Estancia Chardonnay Unoaked 2014 ($10, purchased, 13%): Not very chardonnay-like, with an odd, though pleasant, orange muscat aroma and a hint of sweetness. Chardonnay for people who want it to taste like moscato.

Toad Hollow Risqué ($16, sample, 6%): One of my favorite bubblies, mostly because it’s made using an obscure grape and equally obscure sparkling process. This is the best it has been in years, and one of best sweet sparklers I’ve tasted in a long while.

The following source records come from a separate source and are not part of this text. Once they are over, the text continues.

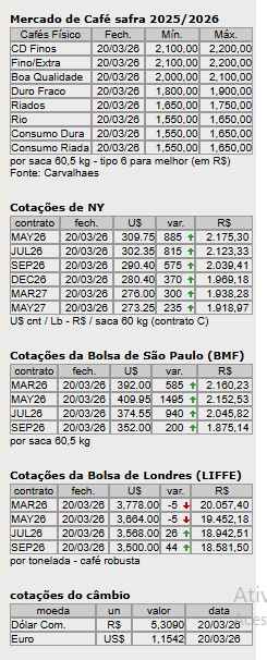 Na ICE Futures US, os contratos de arábica para maio próximo, oscilaram, sexta-feira (20), 1.500 pontos entre a máxima e a mínima, batendo, na máxima do dia, em US$ 3,1240 por libra peso, em alta de 1.150 pontos. Encerraram o dia hoje valendo US$ 3,0975por libra peso, em alta de 885 pontos (2,94%). Na ICE Europe, os contratos de robusta para maio próximo, bateram, sexta-feira (20), na máxima do dia em 3.706 dólares por tonelada, em alta 37 dólares. Fecharam o pregão a 3.664 dólares, em queda de 5 dólares (2,52%).
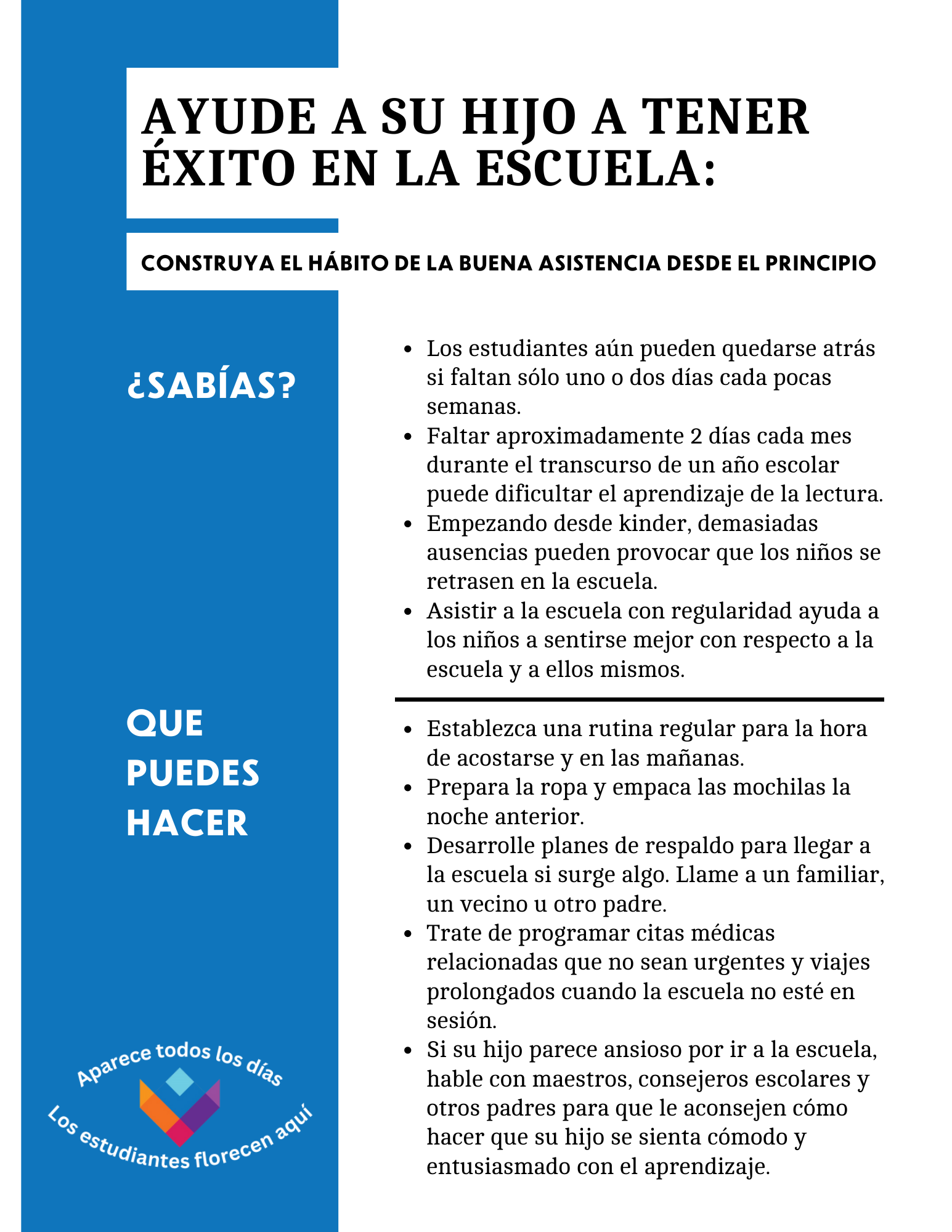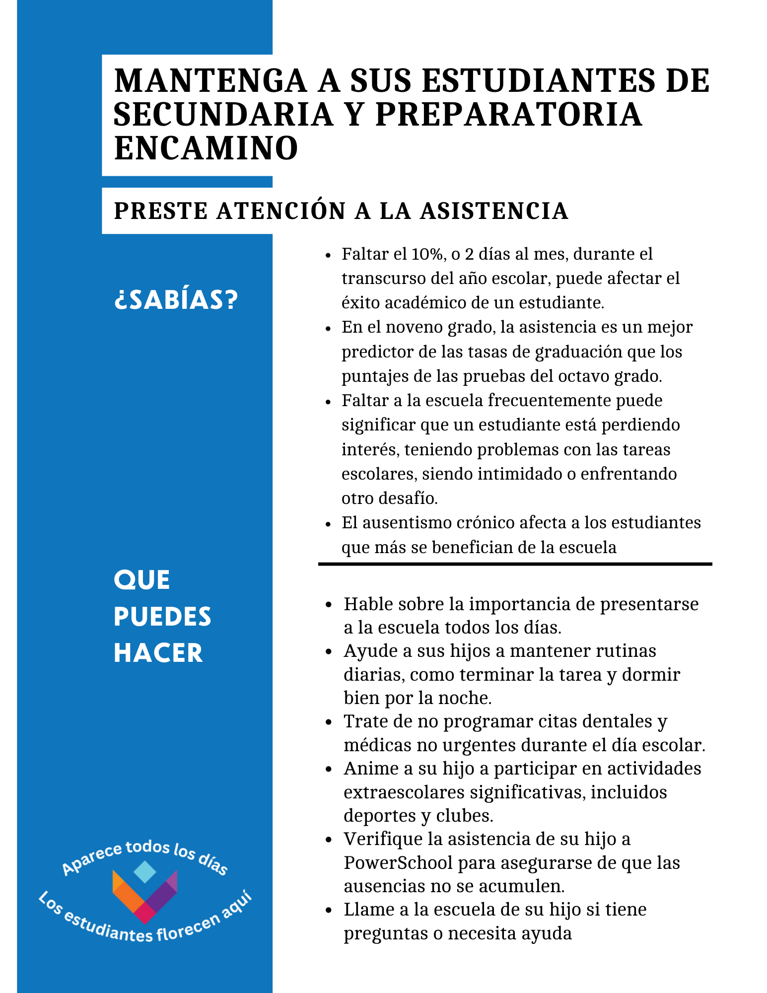 • Hable sobre la importancia de presentarse a la escuela todos los días.
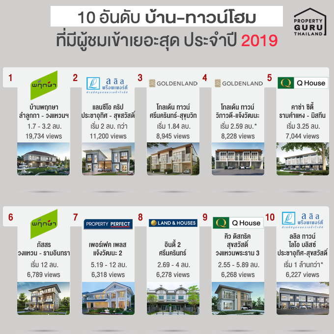10 อันดับ บ้าน-ทาวน์โฮม ที่มีผู้ชมเข้าเยอะสุด ประจำปี 2019
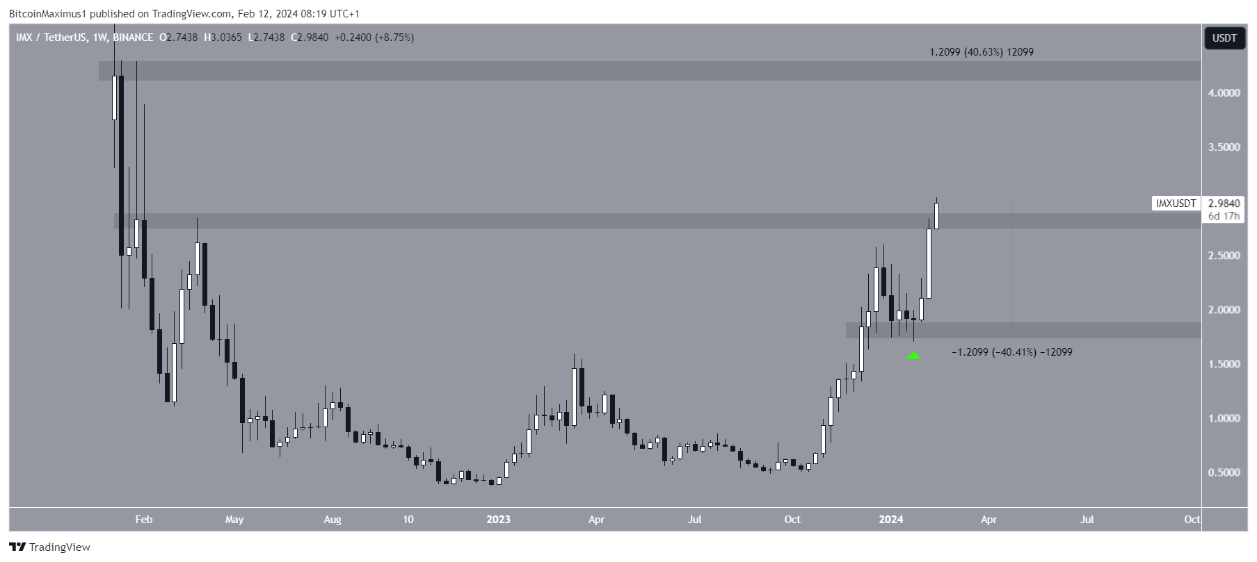 ارتفع سعر IMX بشكل ملحوظ في الأسابيع الثلاثة الماضية بعد الارتداد عند منطقة الدعم الأفقية البالغة 1.80 دولارًا (الرمز الأخضر). أنشأت IMX ثلاث شموع أسبوعية صعودية متتالية.
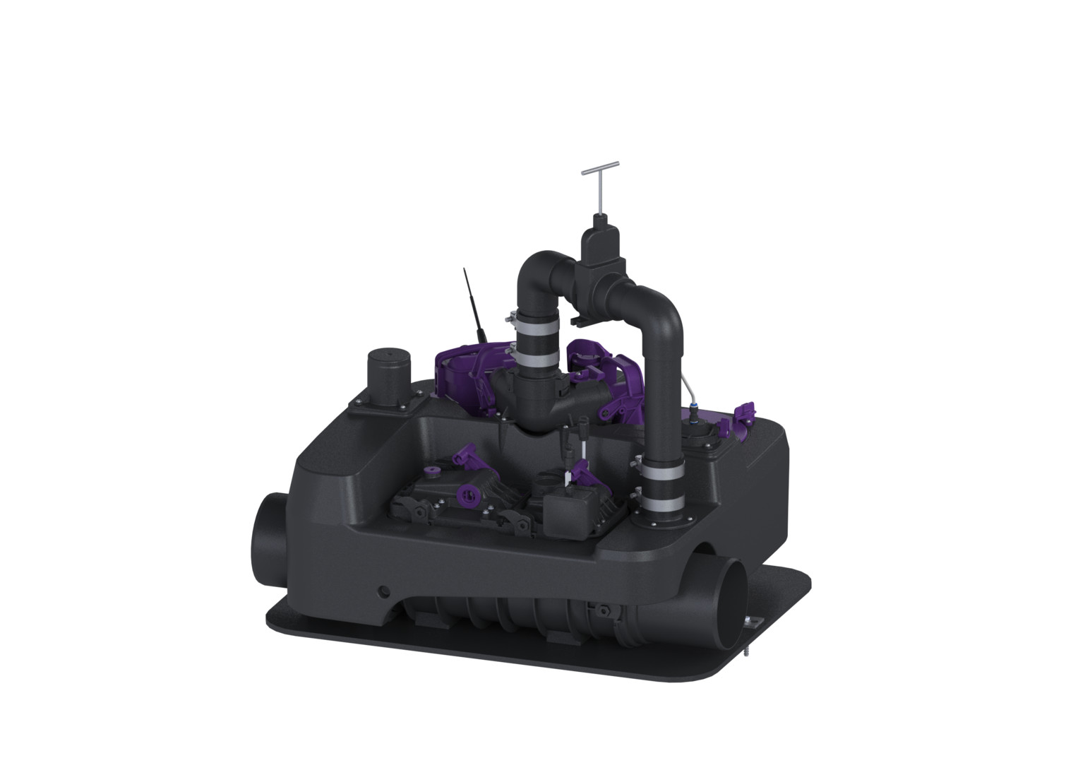 mit integrierter Druckleitung, 850 x 700 mm, 230 V, für Grau- und Schwarzwasser, Einbau in eine freiliegende Abwasserleitung in frostgeschützten Räumen, für fäkalienfreies oder fäkalienhaltiges Abwasser, Behälter aus PE, Pumpe mit Freistromrad, Zulauf/Auslauf DN 150/OD 160, Druckabgang DN 50/OD 63, selbsttätiges Verschlusssystem mit handverriegelbarem Notverschluss (FKA motorisch betrieben), Comfort-Schaltgerät mit Selbstdiagnosesystem (SDS) und Displayanzeige der Betriebszustände, Rückflussverhinderer, Absperrschieber für die Druckleitung, Steckerfertig, Netzfrequenz 50 Hz, erforderliche Absicherung (Leitungsschutz) C 16 A, Schutzart Pumpe IP 68 (3 m/48 h), Schutzart Motor IP 68

Tight, wonderful bubbles, sweet lemon, and acidity to balance all.

Cellier des Dauphins Les Dauphins Reserve Rouge 2013 ($13, sample, 13%): Grocery store plonk masquerading as award-winning French wine, with lots of flabby sweet red fruit, harsh tannins, and almost nothing else. This is a marketing wine, where what the label looks like is more important than what’s in the bottle.

Chapoutier Belleruche Rose 2014 ($12, sample, $13): Everyone else likes this wine more than I do, and it always shows up on summer rose lists. But it always seems pricey for what it is — sweet, crisp strawberry fruit and not much else.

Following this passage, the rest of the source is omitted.